Dataset entries:
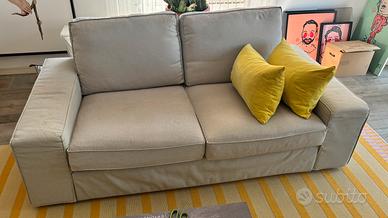 Vendo divano IKEA KIVIK a 2 posti, in tessuto di colore grigio chiaro (come da foto), in eccellenti condizioni. Condizioni: Il divano è stato usato con cura ed è in ottimo stato, ben conservato. Non presenta macchie visibili o strappi. Caratteristiche: Modello molto confortevole grazie alla seduta profonda e ai braccioli ampi. Completamente sfoderabile: tutte le fodere sono lavabili in lavatrice. Struttura robusta e facile da smontare per il trasporto (la parte centrale si divide e i braccioli si staccano). Dimensioni: Larghezza: 190 cm Profondità: 95 cm Altezza: 83 cm Altezza seduta: 45 cm
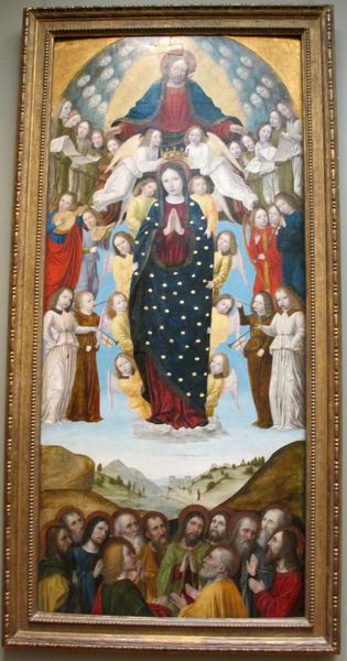 Palma Vecchio’s ‘Assumption of the Virgin’ presents a potent image of faith and divine ascent, likely painted in Venice sometime in the early 16th century. The Virgin Mary is carried to heaven, surrounded by cherubic figures while the apostles gaze upwards. Painted during the High Renaissance, this work embodies the era’s renewed interest in classical ideals, with balanced composition and idealized forms. At the time, the Catholic Church was a major patron of the arts, using visual imagery to inspire religious fervor. This painting would have served as a powerful statement of religious doctrine, reinforcing the church’s teachings about the Virgin Mary. It invites us to consider the politics of imagery and the public role of art in shaping beliefs. To understand this work more fully, we can consult historical texts, theological treatises, and artists’ biographies. In doing so, we can gain a deeper appreciation of the intricate relationship between art, religion, and society.
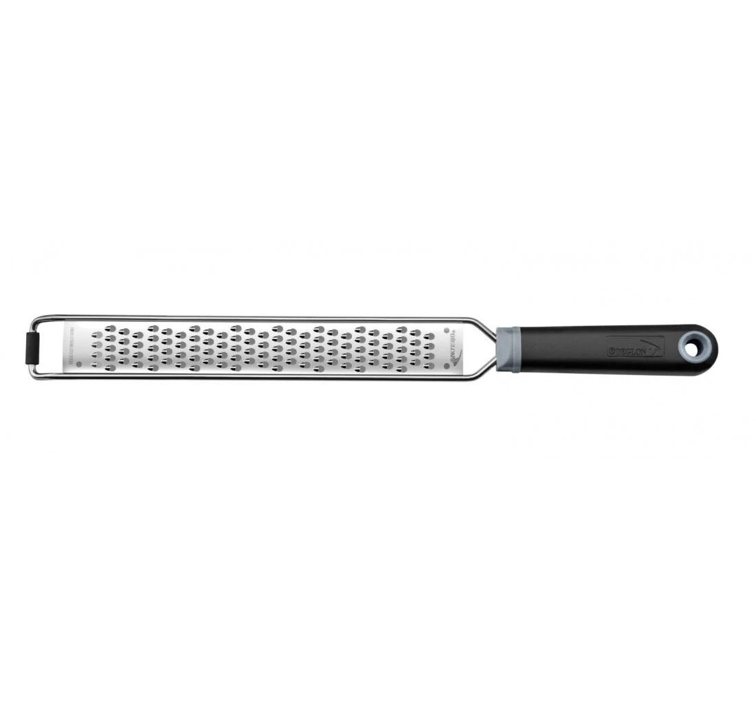 De Deglon grove rasp is gemaakt van roestvrij staal en heeft een zwarte handgreep met extra grip. Door het grove rasp-oppervlak is de rasp erg geschikt voor harde ingrediënten. Gebruik de rasp om kazen, wortel, chocolade of komkommer te raspen. Omdat de rasp langwerpig is, is deze ook erg geschikt voor het raspen van citrusschil. Het rasp-oppervlak is 22 x 2,8 cm en aan het uiteinde zit een anti-slip huls, zodat de rasp goed op het werkblad blijft staan.
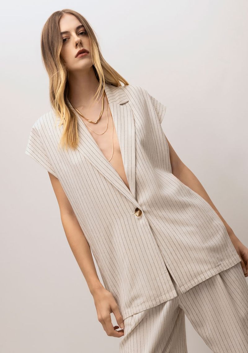 Colete Iódice Alongado Detalhe Botão Cinza
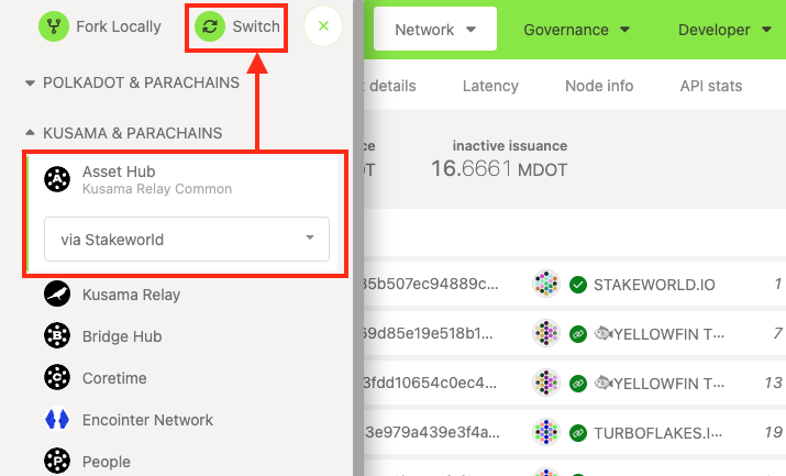 2. In the panel that opens, select the network you want to switch to. We're selecting Kusama Asset Hub. There are several nodes available and it doesn't matter which is selected. Only if you experience some connection issues, switch to another one.
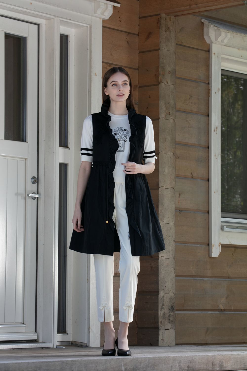 スタンドフリル透かしレース素材ダンボールニット素材コート 詳細 ▶
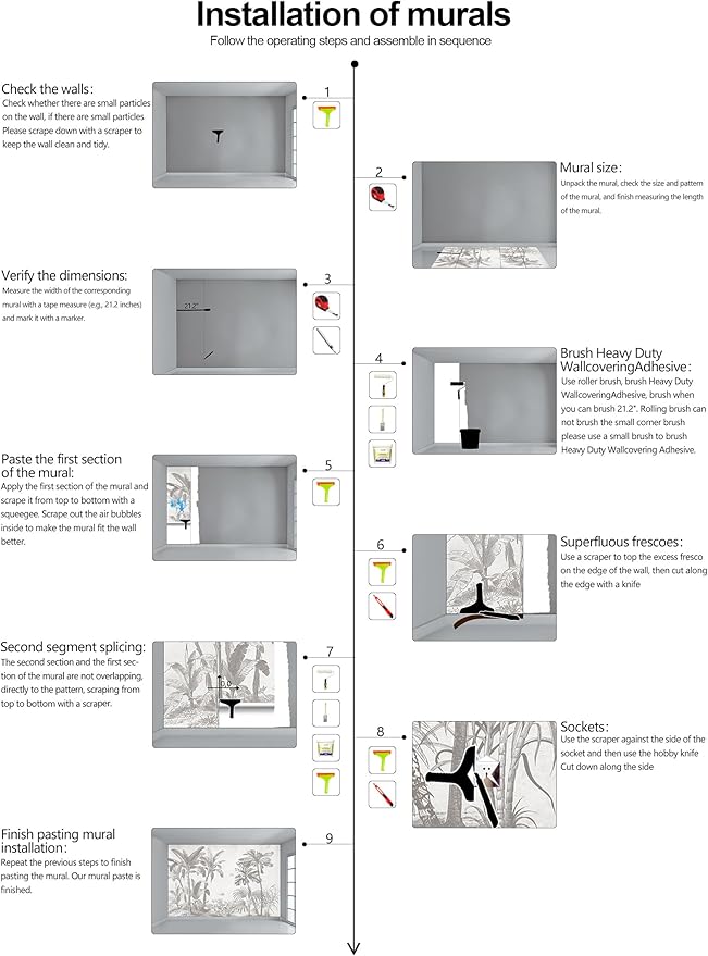 - Warm tip: This mural is not peel and stick, you need to buy your own glue, it is recommended to use Heavy Duty Wallcovering Adhesive.

**Exercise goal**: Omitting the pictures, repeat all entries exactly.

**Response for this exercise**:
 Vendo divano IKEA KIVIK a 2 posti, in tessuto di colore grigio chiaro (come da foto), in eccellenti condizioni. Condizioni: Il divano è stato usato con cura ed è in ottimo stato, ben conservato. Non presenta macchie visibili o strappi. Caratteristiche: Modello molto confortevole grazie alla seduta profonda e ai braccioli ampi. Completamente sfoderabile: tutte le fodere sono lavabili in lavatrice. Struttura robusta e facile da smontare per il trasporto (la parte centrale si divide e i braccioli si staccano). Dimensioni: Larghezza: 190 cm Profondità: 95 cm Altezza: 83 cm Altezza seduta: 45 cm
 Palma Vecchio’s ‘Assumption of the Virgin’ presents a potent image of faith and divine ascent, likely painted in Venice sometime in the early 16th century. The Virgin Mary is carried to heaven, surrounded by cherubic figures while the apostles gaze upwards. Painted during the High Renaissance, this work embodies the era’s renewed interest in classical ideals, with balanced composition and idealized forms. At the time, the Catholic Church was a major patron of the arts, using visual imagery to inspire religious fervor. This painting would have served as a powerful statement of religious doctrine, reinforcing the church’s teachings about the Virgin Mary. It invites us to consider the politics of imagery and the public role of art in shaping beliefs. To understand this work more fully, we can consult historical texts, theological treatises, and artists’ biographies. In doing so, we can gain a deeper appreciation of the intricate relationship between art, religion, and society.
 De Deglon grove rasp is gemaakt van roestvrij staal en heeft een zwarte handgreep met extra grip. Door het grove rasp-oppervlak is de rasp erg geschikt voor harde ingrediënten. Gebruik de rasp om kazen, wortel, chocolade of komkommer te raspen. Omdat de rasp langwerpig is, is deze ook erg geschikt voor het raspen van citrusschil. Het rasp-oppervlak is 22 x 2,8 cm en aan het uiteinde zit een anti-slip huls, zodat de rasp goed op het werkblad blijft staan.
 Colete Iódice Alongado Detalhe Botão Cinza
 2. In the panel that opens, select the network you want to switch to. We're selecting Kusama Asset Hub. There are several nodes available and it doesn't matter which is selected. Only if you experience some connection issues, switch to another one.
 スタンドフリル透かしレース素材ダンボールニット素材コート 詳細 ▶
 - Warm tip: This mural is not peel and stick, you need to buy your own glue, it is recommended to use Heavy Duty Wallcovering Adhesive.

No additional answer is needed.